Beyond relevance, bubbles increase not only the quantity but also the quality of app sessions. Users who view bubbles spend more time actively viewing and interacting with content, increasing their focus on longer sessions rather than short check-ins. This improvement primarily comes from deeper use of video. Bubble-related signals show delayed effects on long-term engagement patterns, suggesting that repeated exposure to content interacted with by friends leads to the formation of sustained interest over time.
By displaying content that their friends have engaged with, Bubbles can expose users to a wider range of topics and creators than they would encounter organically. Rather than just passively scrolling through this content, users actively engage with it through likes, comments, shares, and follows, showing that content recommended by friends can resonate even if it falls outside of their normal interests.
Not all friend signals are equal. Bubbles triggered by expressive responses, such as love or laughter, drive stronger downstream engagement than simple likes, especially in the case of comments and private shares, suggesting that expressive responses have stronger resonance.
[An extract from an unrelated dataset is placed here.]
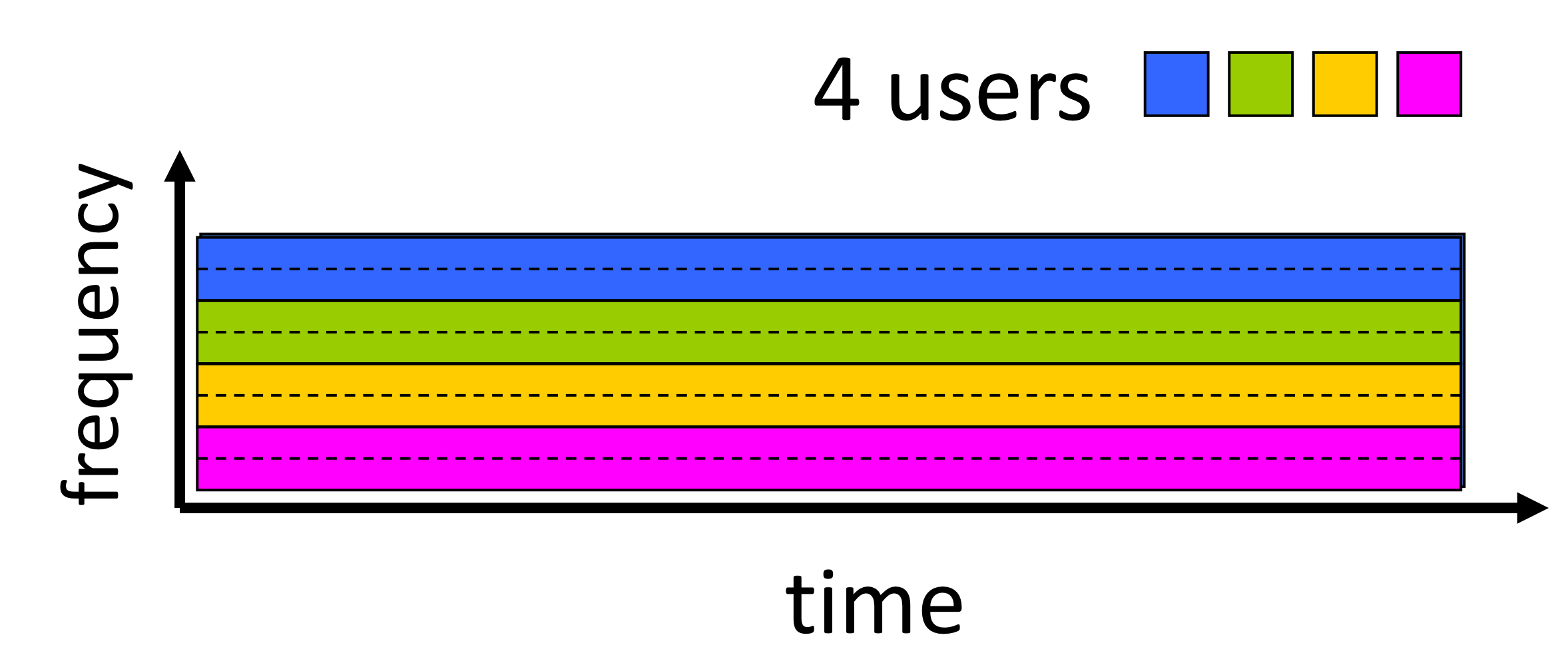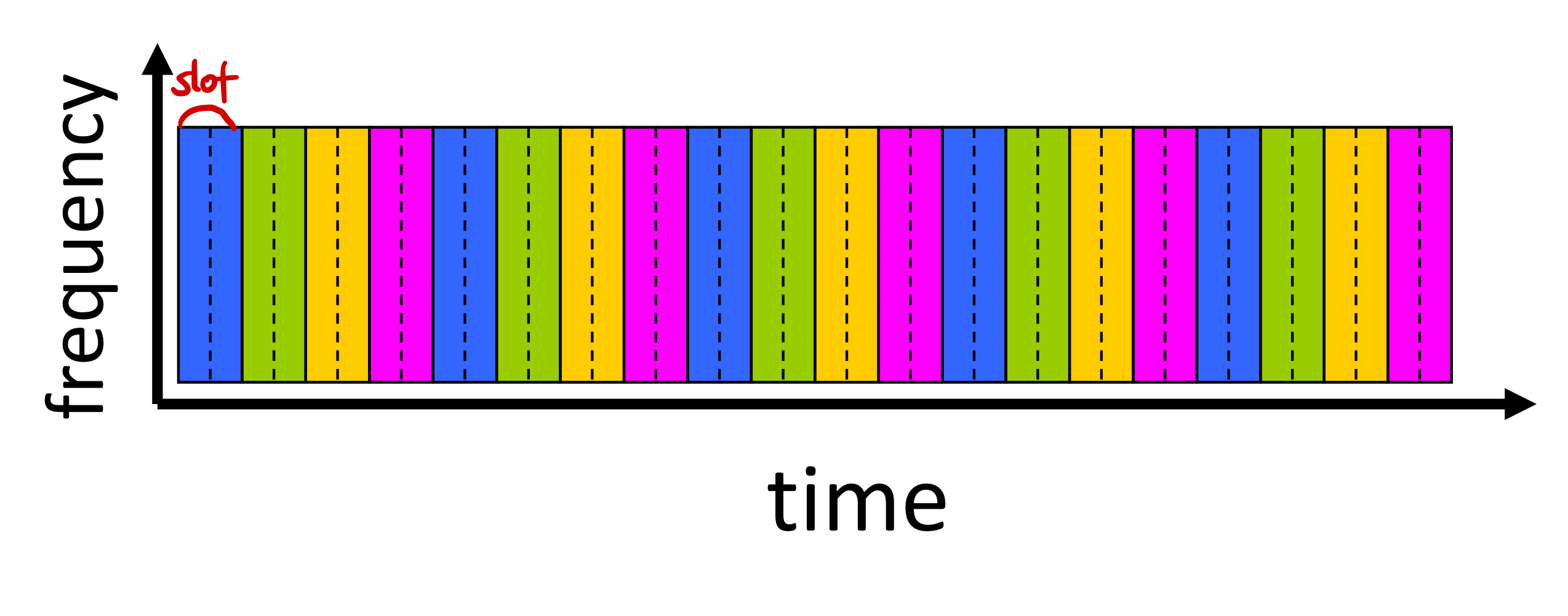 - ๊ฐ ํธ์ถ(call)์ ์ฃผ๊ธฐ์ (periodic) slot์ด ํ ๋น๋๊ธฐ ๋๋ฌธ์, ๋ ๋์ ์ฃผํ์ ๋์ญ์ ์ต๋ ์๋๋ก ์ ์กํ ์ ์์ง๋ง ํด๋น ์๊ฐ slot ๋์์๋ง ์ ์ก์ด ๊ฐ๋ฅํ๋ค.
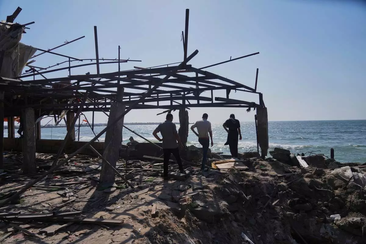Palestinians walk in what was a cafe after it was damaged by an Israeli strike in Gaza City, Monday, June 30, 2025. (AP Photo/Jehad Alshrafi)

Also, engagement consistently increases with the number of friend bubbles displayed. This means videos that have interactions with multiple friends tend to perform better.
We are then extending the system to increase impact and robustness by extending friend-driven recommendations to additional surfaces and inventories while maintaining quality, improving cold start for users with limited friend graphs, and refining rankings and feedback signals to improve personalization.
Ultimately, this architecture shows how machine learning can enhance human connections at scale, making it easier for people to discover common interests and start conversations with the people who matter most. When your friends are enjoying something great, you can discover it too and talk about it together with just a tap.